▶ [PROBLEM REQUIREMENTS] Transcribe the stretch of entries below from the line with "play_circle 동영상 속풀이쇼" through the line with "Miulee Pack Of", exactly and with both ends included; leave out all other lines.

▶ [SUPPLIED RECORDS]

^^^^^^^^^^^^^^^^

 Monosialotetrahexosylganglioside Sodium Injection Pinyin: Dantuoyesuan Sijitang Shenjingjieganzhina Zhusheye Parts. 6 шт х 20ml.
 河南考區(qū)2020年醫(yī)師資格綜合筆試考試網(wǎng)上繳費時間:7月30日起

^^^^^^^^^^^^^^^^

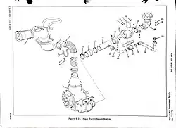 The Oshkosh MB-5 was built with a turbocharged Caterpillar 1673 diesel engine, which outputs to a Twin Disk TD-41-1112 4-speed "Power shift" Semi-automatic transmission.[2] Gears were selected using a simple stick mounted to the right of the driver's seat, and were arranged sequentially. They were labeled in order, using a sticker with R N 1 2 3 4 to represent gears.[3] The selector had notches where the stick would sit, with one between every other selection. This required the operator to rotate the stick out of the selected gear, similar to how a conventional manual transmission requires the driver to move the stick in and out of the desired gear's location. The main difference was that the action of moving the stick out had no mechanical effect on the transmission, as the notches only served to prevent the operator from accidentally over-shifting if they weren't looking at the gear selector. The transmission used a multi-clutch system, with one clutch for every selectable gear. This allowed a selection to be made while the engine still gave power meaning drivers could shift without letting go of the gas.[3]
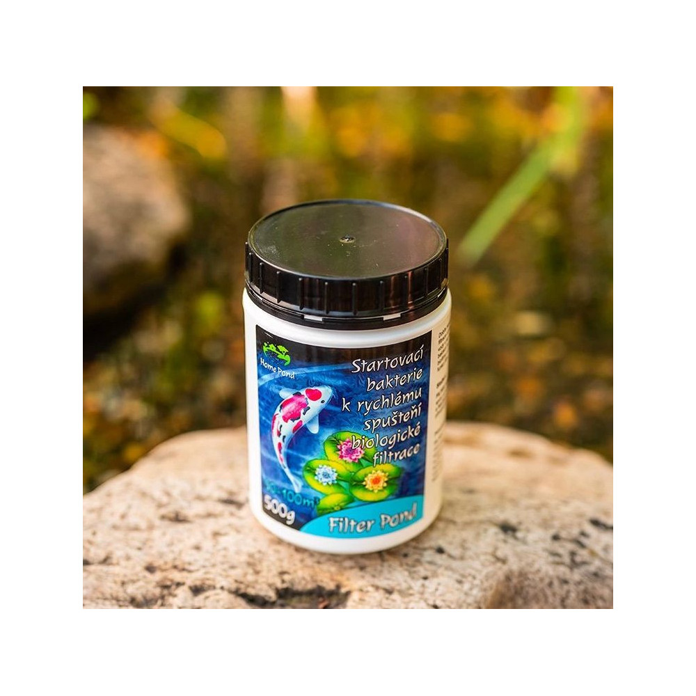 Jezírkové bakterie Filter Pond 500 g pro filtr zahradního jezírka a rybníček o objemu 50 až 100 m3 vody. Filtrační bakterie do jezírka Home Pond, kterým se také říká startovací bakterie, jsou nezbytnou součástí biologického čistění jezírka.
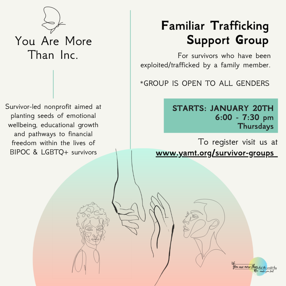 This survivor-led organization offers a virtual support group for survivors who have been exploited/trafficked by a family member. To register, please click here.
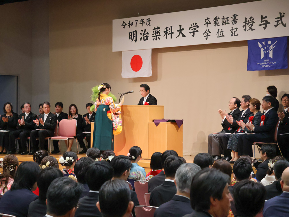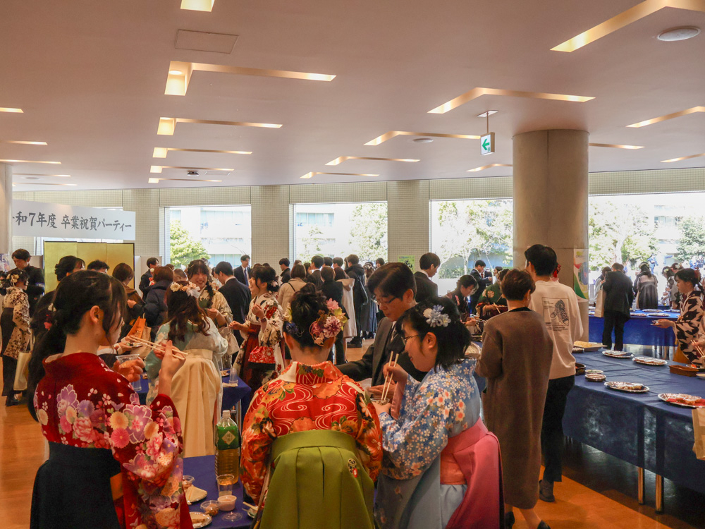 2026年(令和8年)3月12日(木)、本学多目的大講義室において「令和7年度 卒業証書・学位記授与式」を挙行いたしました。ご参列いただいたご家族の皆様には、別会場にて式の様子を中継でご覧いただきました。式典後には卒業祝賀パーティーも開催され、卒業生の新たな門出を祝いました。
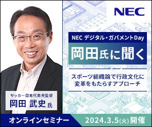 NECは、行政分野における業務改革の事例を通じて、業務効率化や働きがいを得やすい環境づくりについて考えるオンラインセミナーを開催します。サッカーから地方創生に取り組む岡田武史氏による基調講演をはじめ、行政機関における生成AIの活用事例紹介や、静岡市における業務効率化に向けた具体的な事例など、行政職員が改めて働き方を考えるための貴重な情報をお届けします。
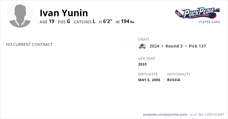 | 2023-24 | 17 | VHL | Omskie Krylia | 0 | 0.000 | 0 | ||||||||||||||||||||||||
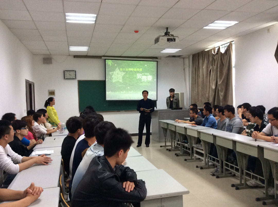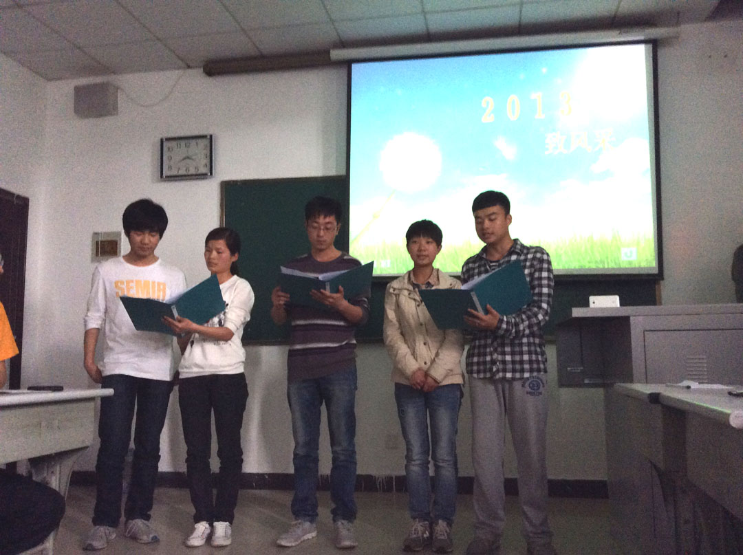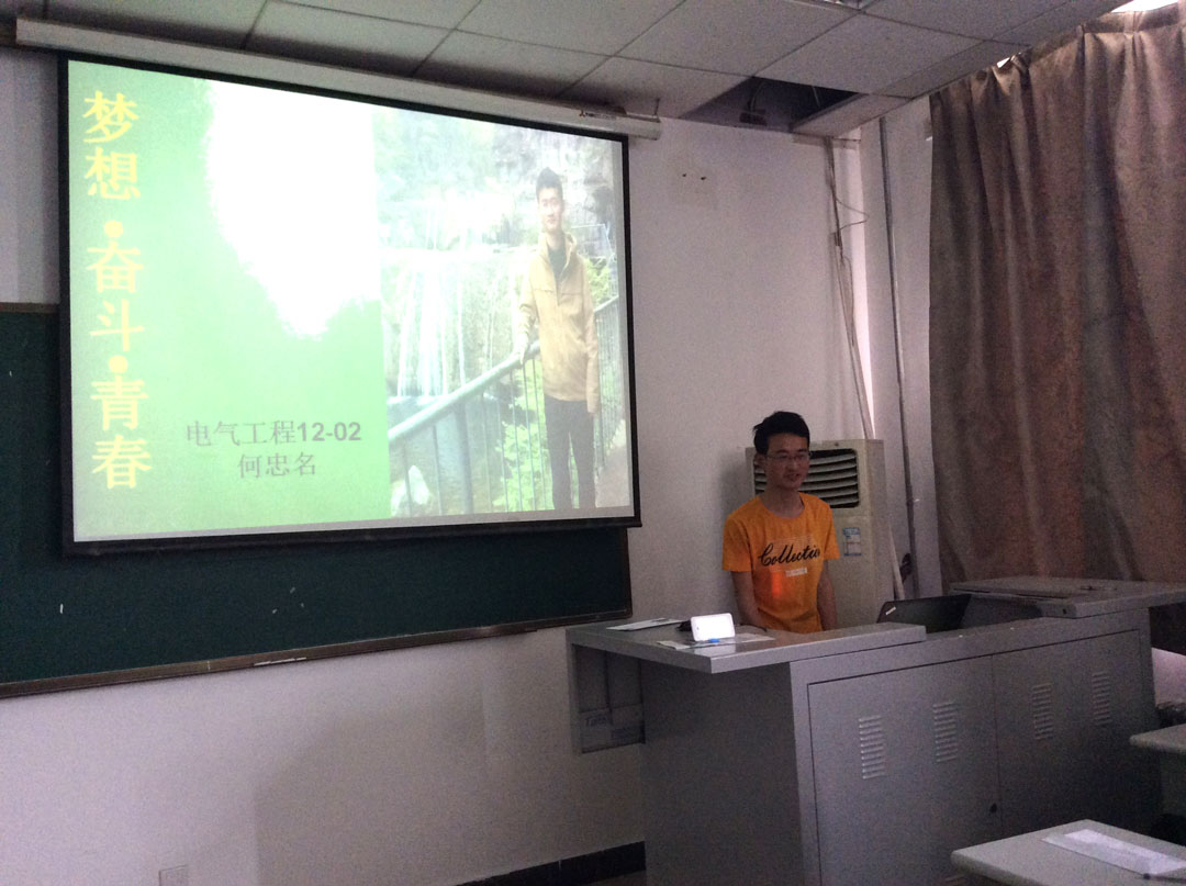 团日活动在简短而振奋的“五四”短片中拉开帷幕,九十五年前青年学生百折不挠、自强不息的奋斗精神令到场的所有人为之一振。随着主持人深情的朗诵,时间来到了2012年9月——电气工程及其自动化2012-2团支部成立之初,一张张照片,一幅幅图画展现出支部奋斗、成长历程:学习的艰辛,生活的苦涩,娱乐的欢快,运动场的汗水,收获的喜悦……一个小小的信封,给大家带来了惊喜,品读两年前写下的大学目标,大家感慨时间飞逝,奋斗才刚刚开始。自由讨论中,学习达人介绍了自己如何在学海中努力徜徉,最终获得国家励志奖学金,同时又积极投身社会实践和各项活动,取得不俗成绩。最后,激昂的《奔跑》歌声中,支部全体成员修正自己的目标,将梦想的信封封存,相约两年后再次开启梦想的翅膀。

^^^^^^^^^^^^^^^^

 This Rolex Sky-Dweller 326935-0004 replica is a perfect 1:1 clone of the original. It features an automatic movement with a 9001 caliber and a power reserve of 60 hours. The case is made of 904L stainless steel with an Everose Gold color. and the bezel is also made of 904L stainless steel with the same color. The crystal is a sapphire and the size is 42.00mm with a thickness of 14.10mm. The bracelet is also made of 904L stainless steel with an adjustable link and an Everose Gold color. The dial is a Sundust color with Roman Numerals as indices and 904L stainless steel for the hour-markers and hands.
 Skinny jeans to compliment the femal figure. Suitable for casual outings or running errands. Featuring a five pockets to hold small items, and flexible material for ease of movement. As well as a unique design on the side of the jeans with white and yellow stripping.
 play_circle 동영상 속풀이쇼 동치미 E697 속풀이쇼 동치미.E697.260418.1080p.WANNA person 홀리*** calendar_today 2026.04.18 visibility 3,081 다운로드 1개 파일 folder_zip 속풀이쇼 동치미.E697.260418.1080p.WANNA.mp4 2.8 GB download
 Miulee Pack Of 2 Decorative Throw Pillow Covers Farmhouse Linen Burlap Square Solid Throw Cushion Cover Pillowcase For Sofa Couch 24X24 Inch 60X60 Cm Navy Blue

^^^^^^^^^^^^^^^^

▶ [TASK OUTPUT]
 play_circle 동영상 속풀이쇼 동치미 E697 속풀이쇼 동치미.E697.260418.1080p.WANNA person 홀리*** calendar_today 2026.04.18 visibility 3,081 다운로드 1개 파일 folder_zip 속풀이쇼 동치미.E697.260418.1080p.WANNA.mp4 2.8 GB download
 Miulee Pack Of 2 Decorative Throw Pillow Covers Farmhouse Linen Burlap Square Solid Throw Cushion Cover Pillowcase For Sofa Couch 24X24 Inch 60X60 Cm Navy Blue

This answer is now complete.